Collected data

*** Block opens ***

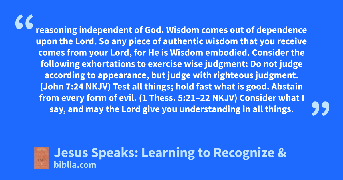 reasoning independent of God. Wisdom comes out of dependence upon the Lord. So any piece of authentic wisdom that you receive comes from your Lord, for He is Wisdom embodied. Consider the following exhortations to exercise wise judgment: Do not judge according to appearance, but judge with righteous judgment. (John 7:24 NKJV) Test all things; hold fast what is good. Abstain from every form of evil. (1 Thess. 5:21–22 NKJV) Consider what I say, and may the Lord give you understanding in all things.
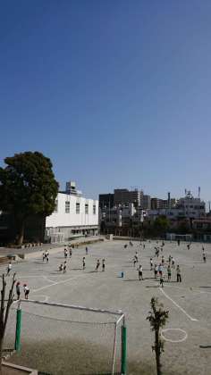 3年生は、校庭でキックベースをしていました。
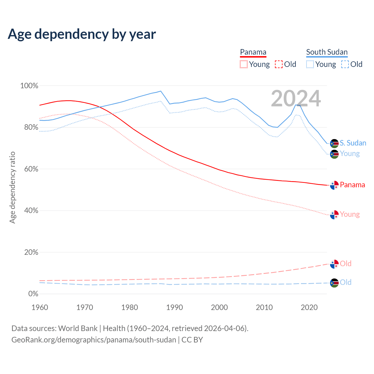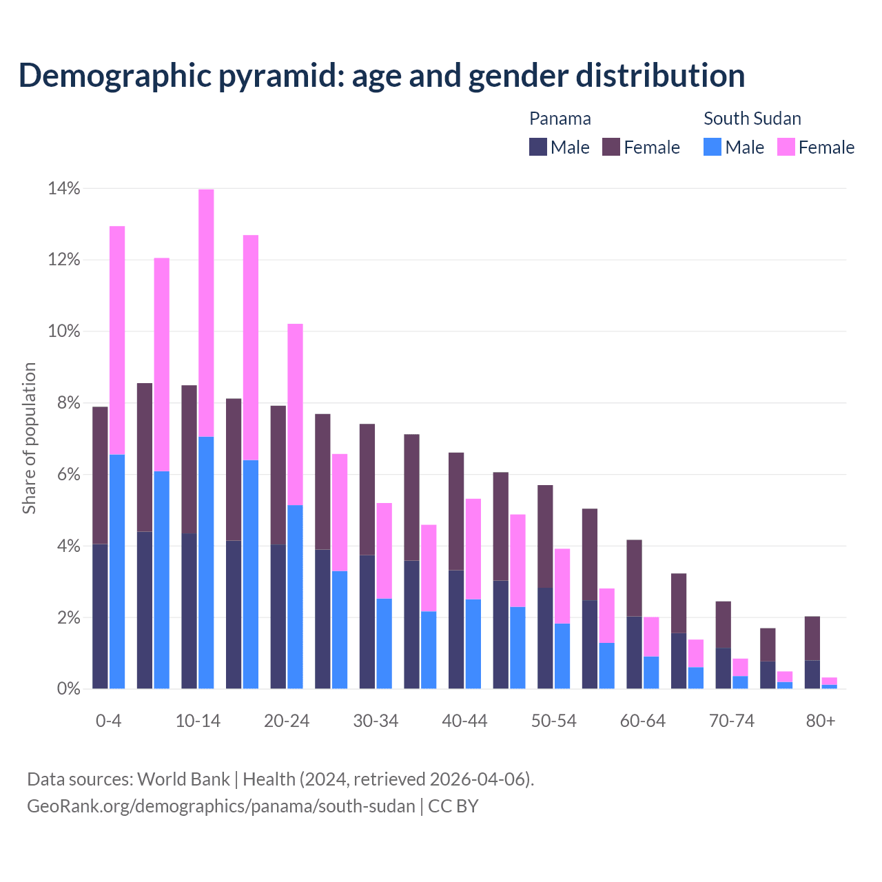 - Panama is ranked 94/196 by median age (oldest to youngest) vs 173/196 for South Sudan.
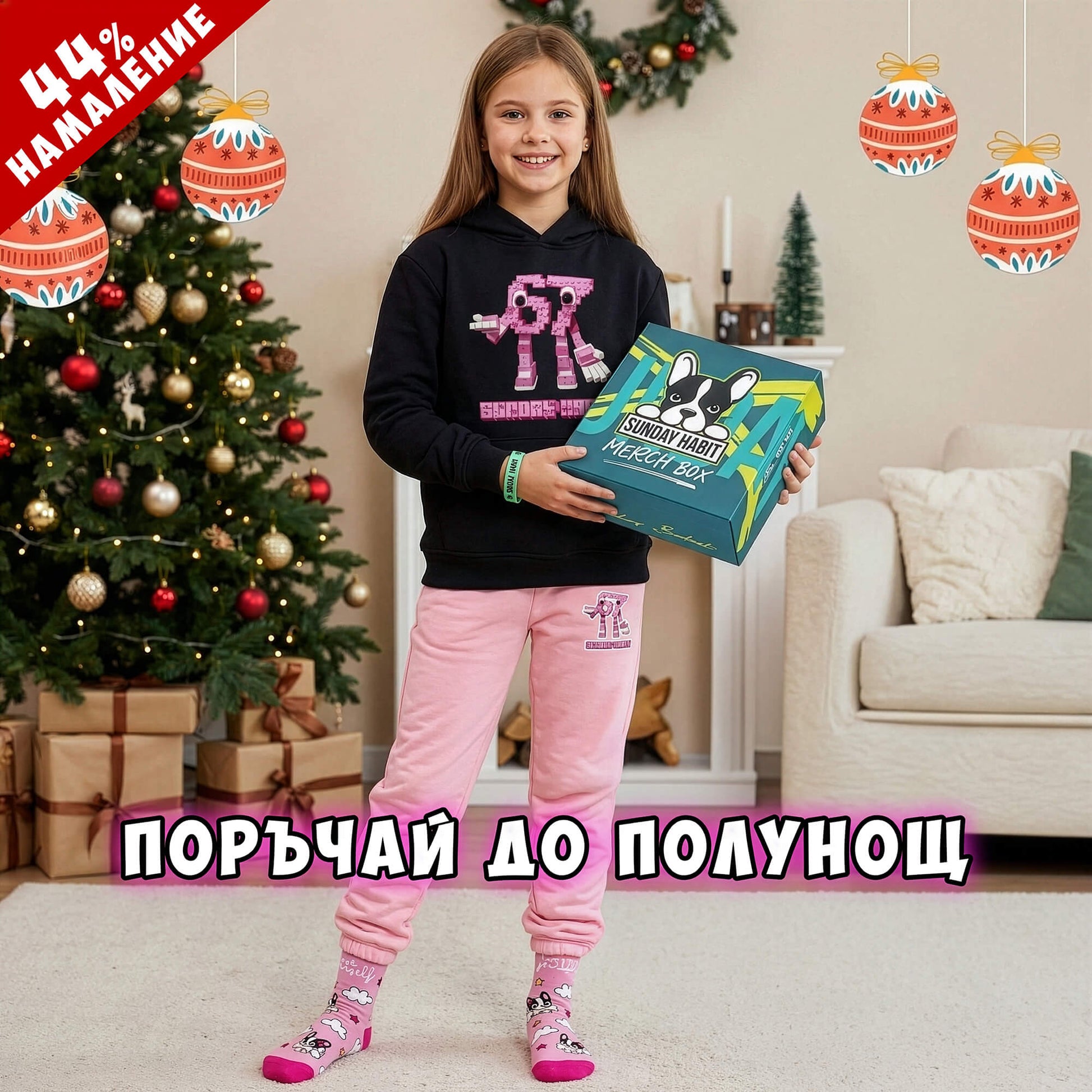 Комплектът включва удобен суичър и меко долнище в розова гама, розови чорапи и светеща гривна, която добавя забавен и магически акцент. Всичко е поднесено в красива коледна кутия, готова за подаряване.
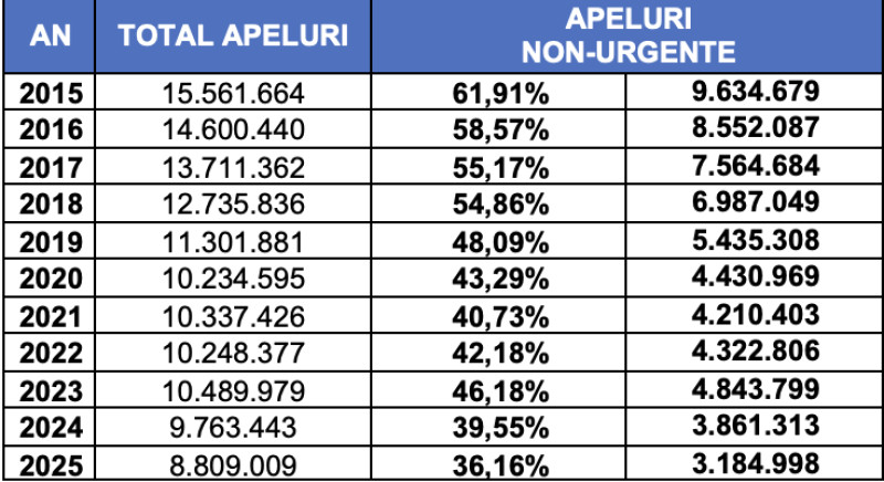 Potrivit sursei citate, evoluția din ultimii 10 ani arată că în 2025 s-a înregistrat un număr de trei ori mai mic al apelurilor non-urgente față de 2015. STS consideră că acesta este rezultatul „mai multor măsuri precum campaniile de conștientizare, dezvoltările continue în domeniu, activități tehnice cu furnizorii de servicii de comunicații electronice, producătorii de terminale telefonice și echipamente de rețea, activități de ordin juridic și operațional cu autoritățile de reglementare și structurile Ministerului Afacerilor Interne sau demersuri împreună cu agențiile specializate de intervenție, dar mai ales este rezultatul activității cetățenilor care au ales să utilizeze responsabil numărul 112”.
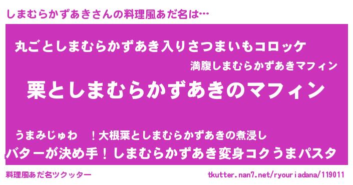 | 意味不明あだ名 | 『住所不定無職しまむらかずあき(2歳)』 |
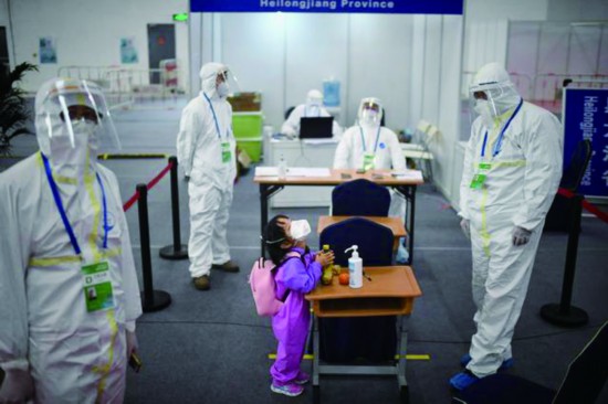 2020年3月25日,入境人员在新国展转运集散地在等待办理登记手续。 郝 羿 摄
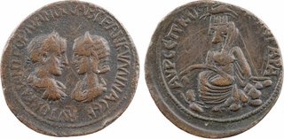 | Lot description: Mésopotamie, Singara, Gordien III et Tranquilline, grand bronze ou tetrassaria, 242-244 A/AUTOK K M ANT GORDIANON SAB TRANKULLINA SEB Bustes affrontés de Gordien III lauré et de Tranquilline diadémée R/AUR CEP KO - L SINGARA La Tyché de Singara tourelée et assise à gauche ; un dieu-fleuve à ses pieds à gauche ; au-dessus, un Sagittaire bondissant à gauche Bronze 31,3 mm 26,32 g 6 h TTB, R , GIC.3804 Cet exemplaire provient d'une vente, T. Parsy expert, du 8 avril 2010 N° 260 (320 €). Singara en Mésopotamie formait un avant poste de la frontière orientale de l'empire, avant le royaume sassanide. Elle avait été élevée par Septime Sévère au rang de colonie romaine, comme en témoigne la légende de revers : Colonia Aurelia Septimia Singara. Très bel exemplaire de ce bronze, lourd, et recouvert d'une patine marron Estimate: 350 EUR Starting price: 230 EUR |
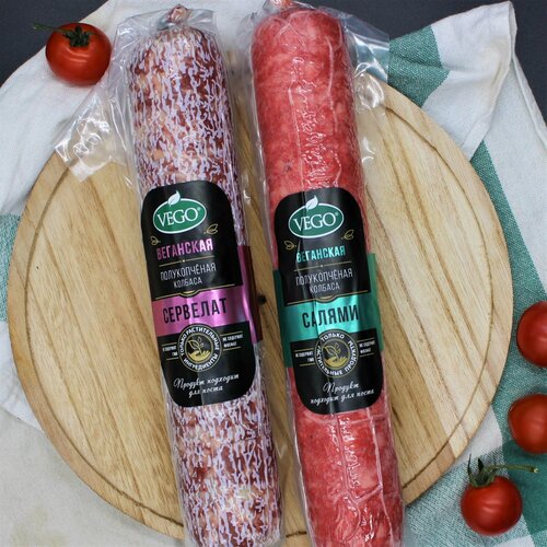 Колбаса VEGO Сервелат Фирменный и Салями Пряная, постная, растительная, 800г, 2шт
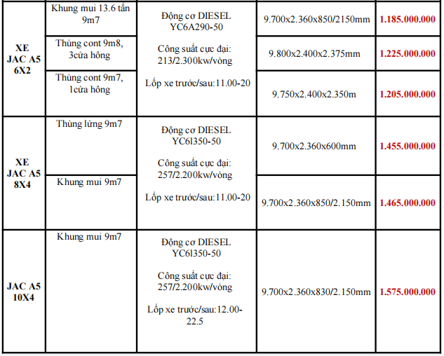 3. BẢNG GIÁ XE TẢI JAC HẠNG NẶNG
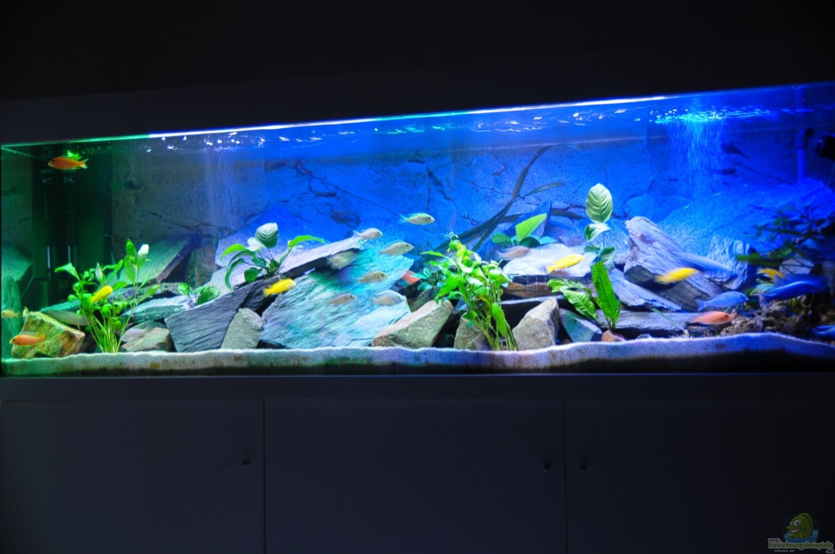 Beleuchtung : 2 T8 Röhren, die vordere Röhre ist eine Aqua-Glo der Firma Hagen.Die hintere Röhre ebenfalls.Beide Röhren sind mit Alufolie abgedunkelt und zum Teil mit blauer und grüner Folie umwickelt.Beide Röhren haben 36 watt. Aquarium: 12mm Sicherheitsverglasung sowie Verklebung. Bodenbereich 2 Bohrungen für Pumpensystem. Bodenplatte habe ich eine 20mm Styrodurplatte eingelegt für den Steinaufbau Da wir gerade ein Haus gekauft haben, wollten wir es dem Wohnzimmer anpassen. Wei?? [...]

*** Block closes ***

• [What you need to do]
From the first line above down to the line with "- Panama is", reproduce every line and no others, omitting pictures.

• [Answer for the task]
 reasoning independent of God. Wisdom comes out of dependence upon the Lord. So any piece of authentic wisdom that you receive comes from your Lord, for He is Wisdom embodied. Consider the following exhortations to exercise wise judgment: Do not judge according to appearance, but judge with righteous judgment. (John 7:24 NKJV) Test all things; hold fast what is good. Abstain from every form of evil. (1 Thess. 5:21–22 NKJV) Consider what I say, and may the Lord give you understanding in all things.
 3年生は、校庭でキックベースをしていました。
 - Panama is ranked 94/196 by median age (oldest to youngest) vs 173/196 for South Sudan.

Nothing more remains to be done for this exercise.